Linguagem propositadamente incômoda
Em uma linguagem cinematográfica aflitiva, sem que sejam dados a conhecer os rostos dos depoentes, o argumento é aberto pela narrativa de casos individuais que aos poucos vão revelando não só debilidades e injustiças mas o completo non sense do sistema sob todos os ângulos de que é examinado – inclusive o econômico, pois os contribuintes pagam cerca de R$1.350,00 por mês para que a pessoa saia do cárcere muito mais perigosa e com pouquíssima chance de se reintegrar à sociedade. Enquanto falam os entrevistados, cenas do cotidiano em presídios são mostradas.
À medida que o filme avança, os casos pessoais vão cedendo espaço para contribuições de profissionais ligados ao sistema carcerário.

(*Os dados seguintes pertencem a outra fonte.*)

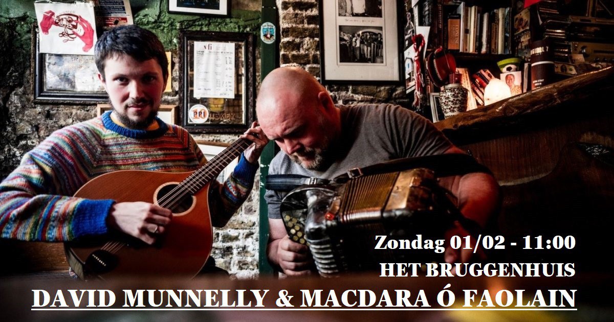 De jaarlijkse komst van de Ierse accordeonist David Munnelly (The Chieftains, The Dannan) begint een beetje traditie te worden in ‘t Bruggenhuis. Er zijn veel goede diatonische accordeonisten, maar er is toch maar één David Munnelly. Naar gewoonte mengt hij op virtuoze wijze de Ierse traditie met jazz, klassiek en folk van overal. Deze keer brengt hij de jonge Ierse violist, gitarist en zanger Macdara Ó Faoláin mee. Macdara werd in Ierland uitgeroepen tot folkmuzikant van het jaar en voegt ook zijn eigen composities toe. Wij kijken er zeker naar uit en vanzelfsprekend zal de Guinness op deze morgen schuimen!

No momento em que falam, o espectador não sabe de que lugar do discurso vem aquela voz – os rostos continuam invisíveis – mas a estranheza inicial vai cedendo lugar a uma certeza: da cozinha do presídio, dos corredores do tribunal de justiça de São Paulo, da sala de audiências do fórum criminal, do cartório de uma das varas desse mesmo fórum, todos os personagens ostentam algo em comum: não creem, a partir de suas experiências profissionais, que o sistema carcerário possa trazer algo para alguém além de inabilitá-lo para o convívio, de destruir todas as possibilidades de relações sociais.

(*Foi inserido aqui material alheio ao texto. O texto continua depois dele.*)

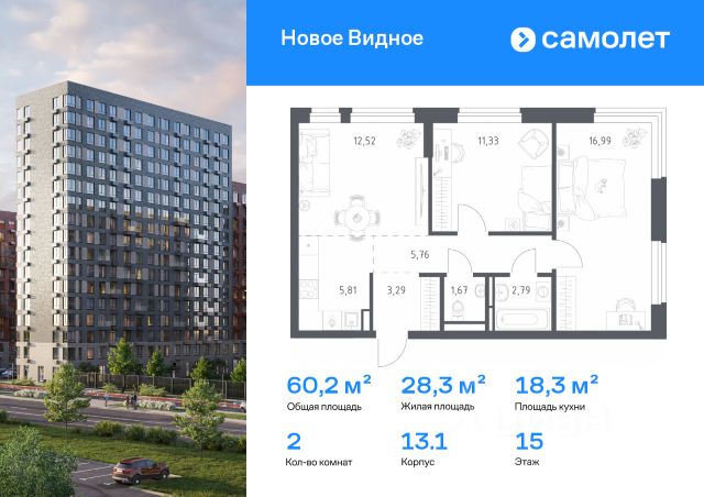 Продается двухкомнатная квартира в жилом комплексе комфорт класса "Домодедово парк" площадью 56.30 кв.м. на 15 этаже 17 этажного дома. Окна выходят во двор и на улицу. - Семейная ипотека без дополнительных комиссий - Специальные ипотечные программы со сниженной ставкой 3,5%. - IT ипотека, военная ипотека, материнский капитал - Скидка до 15% на двушки с ключами - Квартиры на стадии строительства - скидка до 25% - Машиноместо в крытом паркинге - от 599 000 руб. - Улучшенные планировочные решения: обилие света и удобства - Жилой квартал со сложившейся инфраструктурой: остановки общественного транспорта, школа, детские сады, магазины, кофейни, пекарни, салоны красоты и набережная реки Пахры. - ЖК станет вашей малой Родиной или отличной инвестицией. Удобно до Москвы - 5 мин на автобусе от ст. МЦД Ленинская - 15 мин на машине от МКАД. - 25 мин на маршрутке от ст.м. Домодедовская Архитектура и интерьеры - Дома строятся по монолитной технологии с вентилируемыми фасадами. Что гарантирует огнестойкость материала, незначительную усадку здания (можно сразу делать ремонт), хорошие показатели теплосбережения и звукоизоляции, продолжительность срока службы - Высокие потолки, большие кухни, застеклённые лоджии - Просторные подъезды, в которых есть места для хранения коляски и спортивного инвентаря Богатая инфраструктура на территории - Уже открыты 3 детских сада и 2 школьных корпуса - Спортивные площадки, зоны отдыха и зеленые насаждения - Несколько крытых паркингов - На первых этажах сетевые магазины: Магнит, ВкусВилл, Пятерочка, Верный, Ароматный Мир, а также аптеки, салоны красоты, кафе - Ведется строительство поликлиники, пока же принимает посетителей терапевтический кабинет филиала Домодедовской поликлиники - В планах физкультурно-оздоровительный комплекс, торговый центр Идеально для семей с детьми - Помимо детских садов и школ, работают центры раннего развития, секции и кружки - Большая спортивная площадка для занятий футболом и волейболом. Зимой здесь заливают каток и оборудуют теплые раздевалки - Для малышей установлены песочницы, горки, развивающие бизиборды, а для ребят постарше и взрослых есть площадки для игр с мячом, теннисные столы и территория воркаута с тренажерами. Экология и окружение - Жилой квартал раскинулся на берегу реки Пахра. Рядом нет промышленных предприятий, свежий воздух. - Рядом находятся старинные русские усадьбы, детские парки, конный парк Русь. - В радиусе 5-10 километров расположено несколько крупных ТРЦ Vegas, Капитолий и др. О застройщике Под руководством и при участии ГК "Град" построены объекты общей площадью более 600 тыс. кв.м, в том числе клубные форматы и квартиры бизнес-класса. Застройщик известен высоким качеством строительства и отделки и точными сроками сдачи проектов. В 2020 году ГК "Град" стал единственным застройщиком Московской области, получившим Золотой знак "Надежный застройщик России 2020". Квартира в новостройке в селе Домодедово Домодедовского района.

Terminado o filme, são identificadas rapidamente, enfim, as vozes que por uma hora e trinta minutos ousaram incomodar as certezas da plateia. Ao lado de detentos e ex-detentos, falou um delegado de polícia, um agente penitenciário, um professor de criminologia, um padre da pastoral carcerária, um psicólogo, uma assistente social, um juiz, um promotor, uma desembargadora.
Alguns depoimentos
De todos os depoimentos, ao menos três excertos merecem comentários.
Com clareza desconcertante, a participação do delegado de polícia de forte sotaque carioca parece demolir anos e anos de política de segurança pública: policiamento não é produto, é serviço; em vez de ser avaliado por estatísticas – número de pessoas detidas, quilos de drogas apreendidas, etc. –, deveria sê-lo pela satisfação do cliente, como todos os demais serviços. Sob esse enfoque, cresceria naturalmente a ideia da polícia participativa e próxima da população, livrando inclusive a própria corporação de ser refém de discursos politiqueiros.
Em outro momento, um filósofo e uma assistente social sintetizam e fecham o recado: estamos gastando rios de dinheiro para encarcerar jovens pobres, sem ligação com o crime organizado, que foram presos em flagrante geralmente por comércio de pequenas quantidades de drogas sem porte de arma (todas essas características foram extraídas de estatísticas), amontoando-os em cubículos capazes de atrofiá-los física e mentalmente, locais em que, aí sim, entram em contato com as organizações criminosas.
Considerando que nenhuma população carcerária cresce na velocidade da brasileira, a terceira do mundo, atrás somente de EUA e China, concluem: “Estamos criando uma bomba relógio”.
O filme entra em cartaz em 12 cidades brasileiras na próxima quinta-feira, 2 de outubro.